Grazie all’autorizzazione del gruppo Class editori pubblichiamo l’articolo di Massimo Tosti apparso su Italia Oggi, il quotidiano diretto da Pierluigi Magnaschi.
Le smentite (impacciate e contraddittorie) non hanno convinto nessuno. È chiaro che la telefonata fra Angela Merkel e Mario Draghi c’è stata, ed è altrettanto chiaro che non è stata esattamente amichevole. La cancelliera tedesca insiste sul rigore senza se e senza ma come unica ricetta valida per togliere l’Europa dagli impacci, mentre Draghi è favorevole a introdurre un minimo di flessibilità nel rispetto delle regole e dei parametri a condizione che i paesi più deboli (in prima fila il nostro) facciano (e rapidamente) le riforme indispensabili per ammodernare le strutture, ridurre drasticamente gli sprechi, e favorire la ripresa. «Nessuna quantità di aggiustamenti fiscali o monetari», aveva sottolineato il governatore della Bce nel discorso oggetto della telefonata di Frau Merkel, «può sostituire le riforme strutturali». Prima della crisi mondiale che ha investito i mercati sette o otto anni fa, la disoccupazione aveva già raggiunto livelli patologici nella zona dell’euro. Le riforme sono indispensabili da allora, e non c’è più tempo da perdere, se non si vuole finire (tutti insieme) nel baratro. Con l’austerità, nuda e cruda, i problemi non si risolvono.
Il governo tedesco, per volontà del ministro delle finanze Wolfgang Schäuble, è arrivato a proporre la nomina di un commissario europeo che abbia un potere di veto sulle leggi finanziarie dei singoli stati dell’Unione.
Che non è una bestemmia, per le orecchie di Draghi, che ha più volte invocato una cessione di sovranità dei singoli stati dell’Ue in materia economica, finanziaria e fiscale. La disparità di vedute fra Berlino e Francoforte è politica e dipende dalle diverse scuole di pensiero economico di Schäuble e Draghi.
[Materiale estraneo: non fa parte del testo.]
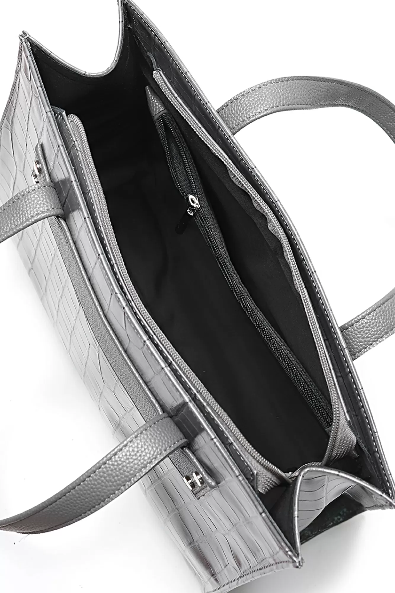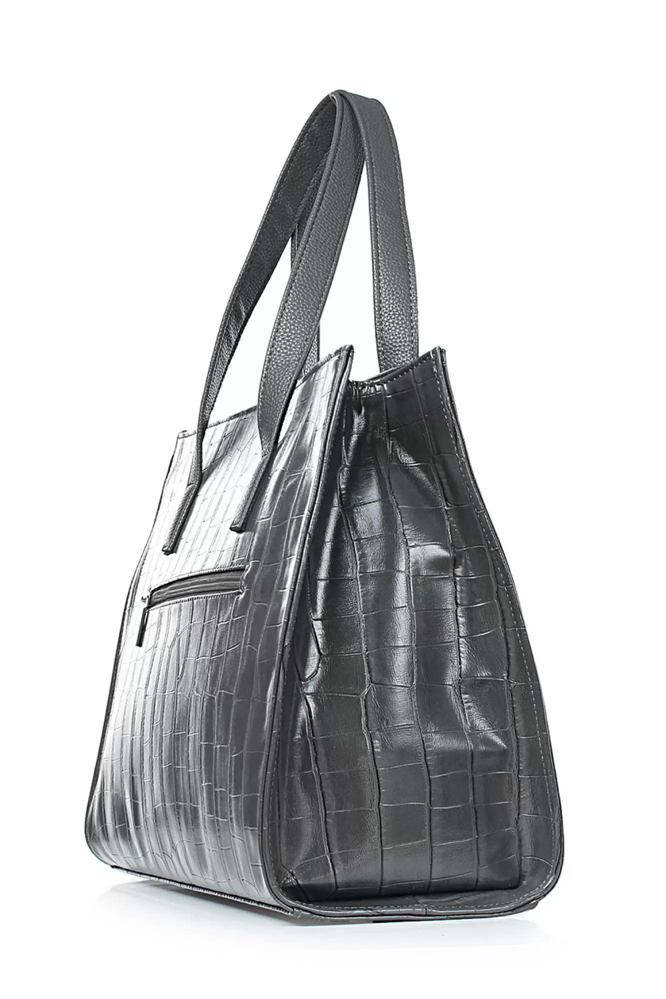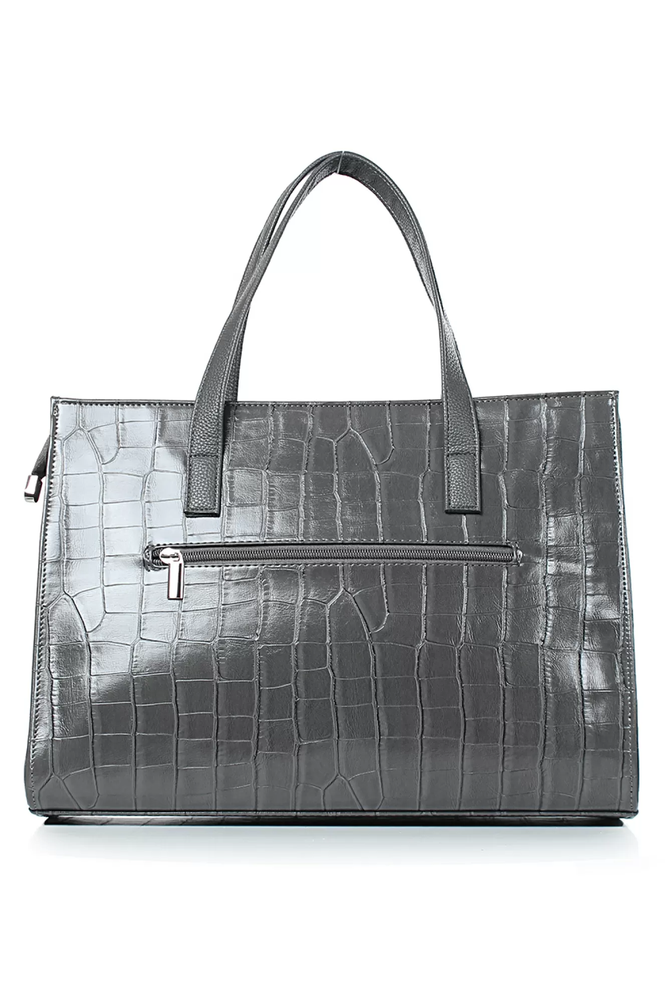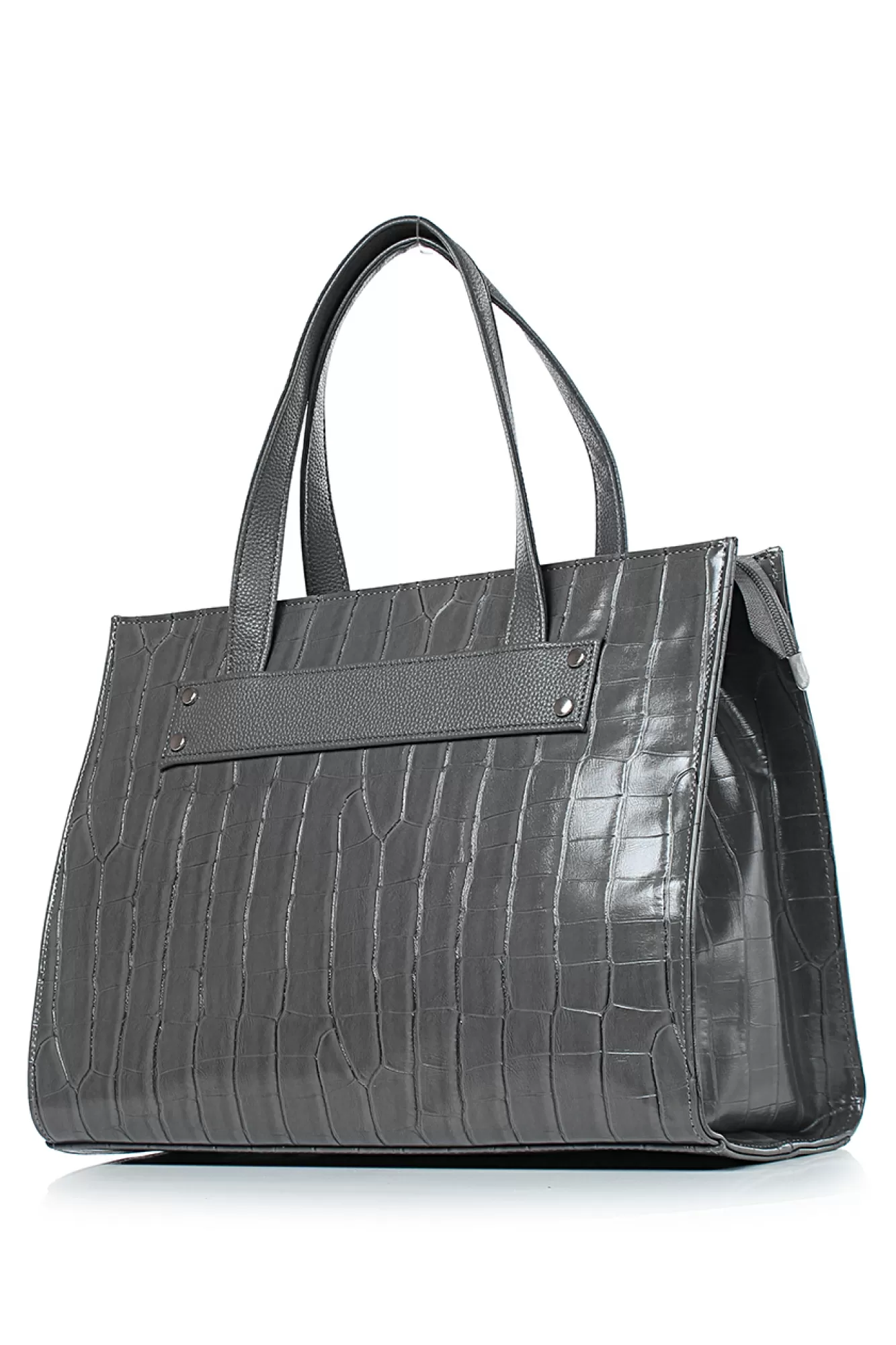 Сумка на одно отделение,закрывающееся на застежку-молнию,с двумя ручками длиной 475+-10мм,с накладкой с заклепками на передней стенке,на задней стенке карман, закрывающийся на застежку-молнию,цвет фурнитуры-никель. Размеры: 365x270x150

Noi italiani dobbiamo sperare che la partita in corso sia vinta dal nostro connazionale semplicemente perché adottare soltanto l’austerità ci porta (ci sta portando) alla deflazione e a un livello di tassazione assolutamente insopportabile. Dobbiamo, in altre parole, sperare che Matteo Renzi mantenga fede agli impegni presi nel momento in cui ha assunto la guida del governo: rivoltare l’Italia come un calzino, attuando le riforme da troppi anni rinviate. È l’unica via d’uscita dalla crisi praticabile per noi.